Imagine is designed to achieve the performance of a special-purpose
image-processing, signal-processing, or graphics engine with the flexibility of
a general purpose computer. Our
cycle-accurate simulations indicate that a single Imagine chip is able to
sustain in excess of 10GFLOPS (32-bit floating point) or 20GOPs (16-bit fixed
point) on problems ranging from signal processing, to image processing, to
polygon-based graphics. By minimizing unneeded communication, Imagine is able to
realize a power efficiency of over 3GFLOPS/W on applications of interest
compared to less than 300MFLOPS/W for the most efficient conventional processors
and DSPs. Several Imagine chips can
be combined to achieve higher performance. A single circuit-board with an 8 x 8 array of Imagines can
sustain over a TeraOP of performance with a power dissipation of less than 1kW.
Imagine achieves flexible performance by using a streaming architecture that
exposes the parallelism and locality inherent in many signal- and
image-processing applications. Fast
stream operations are supported through a combination of vector processing, VLIW
arithmetic clusters, a streaming memory system, and conditional vector
operations. Vector
performance is achieved by interleaving stream elements among the eight computation
clusters, each consisting of many distinct arithmetic units. Each Imagine chip has a
network interface to allow high speed communication among Imagine chips, so that
multiprocessor solutions can be constructed if individual chips do not provide enough
performance for a particular problem.
A large general purpose stream register file forms the nexus of the chip, and is
connected to the clusters, the network, the memory system, and a host processor. The
stream register file is program controlled, and serves as a staging area for data that is
used by the other units. The number of memory accesses are reduced by keeping frequently
used data in the stream register file.
The Imagine chip is controlled by a host processor, which accesses Imagine control and
status registers as well as issues commands via a host interface. The host interface also
is connected to the stream register file, so that data may be loaded into the machine and
then sent to the memory system, network, or any other unit connected to the register file.
Historically, special purpose processors have offered better cost performance than
programmable processors for three reasons:
- They devote a larger fraction of their silicon area to arithmetic units.
- They eliminate register and memory bandwidth bottlenecks by wiring arithmetic units
directly together and providing many specialized memories.
- They eliminate the control overhead of fetching and interpreting instructions.
Imagine matches these advantages while retaining the flexibility of a
programmable signal processor. Imagine has a large fraction of working silicon with 48
32-bit floating-point arithmetic units. These
units are divided into eight arithmetic clusters each comprising three adders,
two multipliers, and a divide/square-root unit. The arithmetic units support 32-bit integer and
floating-point operations and can be subdivided to provide 96 16-bit units or
192 8-bit units. The six units
within each cluster are operated under VLIW control to exploit instruction-level
parallelism. The eight clusters
operate in lockstep under common program control to exploit data parallelism. All of the arithmetic units except the divide/square-root
unit are fully pipelined.
Imagine overcomes the bandwidth bottlenecks of global
register files and memory systems by using a three-level bandwidth hierarchy
organized to support stream operations. Streams
are transferred between memory and a stream register file (SRF) by a four-bank
streaming memory system (2GB/s) that reorders references to improve bandwidth.

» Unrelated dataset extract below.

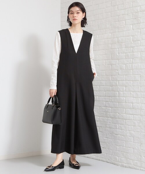 【デザイン】 深いVネックがすっきり映えるオールインワン。 インナー次第で表情を変えられ、ジャケット合わせのきれいめから、カットソー合わせのカジュアルまで幅広く対応。 縦のラインが強調され、全体をシャープに見せます。 【素材】 クリーンに見える生地感で、日常からオフィスシーンまでなじむ表情に。 適度な落ち感でレイヤードしてももたつきにくく、ロングシーズン着回しやすいのも魅力です。 【着こなしポイント】 オフィス: ボウタイブラウスやハイネックインナーで端正に。 休日: ロンTやリブニットでリラックス感をプラス。 きちんと見え: ジャケットやジレを重ね、ヒールやローファーで仕上げて。小ぶりのネックレスでVラインを引き立てると、さらに洗練された印象に。 【仕様】 ・ポケット数:横×2 ・後ろファスナー ・裏地なし ※照明の関係により、実際よりも色味が違って見える場合があります。また、パソコン・スマートフォンなどの環境により、若干製品と画像のカラーが異なる場合もございます。 モデル情報:身長166cm B72 W62 H86 着用サイズ:02(M) 店舗へのお問い合わせ商品番号:040-55001 ●製品寸法: 12(M):着丈131cm B92cm 肩幅39cm H125cm 裾幅46cm 13(L):着丈134cm B95cm 肩幅40cm H128cm 裾幅47cm 備考:

Once a stream is loaded from memory, it is typically circulated between
the SRF and the arithmetic clusters several times before returning the result to
memory, exploiting the 32GB/s bandwidth of the SRF.
Finally, during a computation kernel, intermediate results are forwarded
directly between local register files associated with the arithmetic units
without need to return to the global register file, using the 544GB/s local
register bandwidth. On
representative benchmark programs, exploiting the locality inherent in stream
applications in this manner reduces bandwidth demands on global register ports
by a factor of 20 compared to a typical scalar architecture.
Imagine overcomes the performance limiting effects of
conditional operations by sorting streams according to a conditional variable
rather than through conditional control flow.
These conditional stream operations divide data into homogenous sets that
can then be processed without the overhead of conditional control instructions. Compared to conventional approaches of branch prediction or
predication, conditional stream operations enable very high levels of
instruction and data parallelism to be exploited without incurring a large
penalty on every unpredictable conditional operation.
By exploiting the efficiency, ease of modeling, and level-of-detail advantages of
image-based rendering and the high performance of the Imagine architecture,
this single chip processor, with a modest amount of external RAM, will perform high
quality (1024x768), real-time (30 frames/sec) animation of complex, realistic scenes in
support of applications such as flight simulation, distributed battlefield simulation,
walk-throughs of virtual buildings and vehicles, and visualization of terrain databases.
The Imagine architecture will also provide order of magnitude performance improvements on
other image and signal processing applications, such as synthetic aperture radar. Imagine
should serve as a model for future generations of commercial signal and image processors.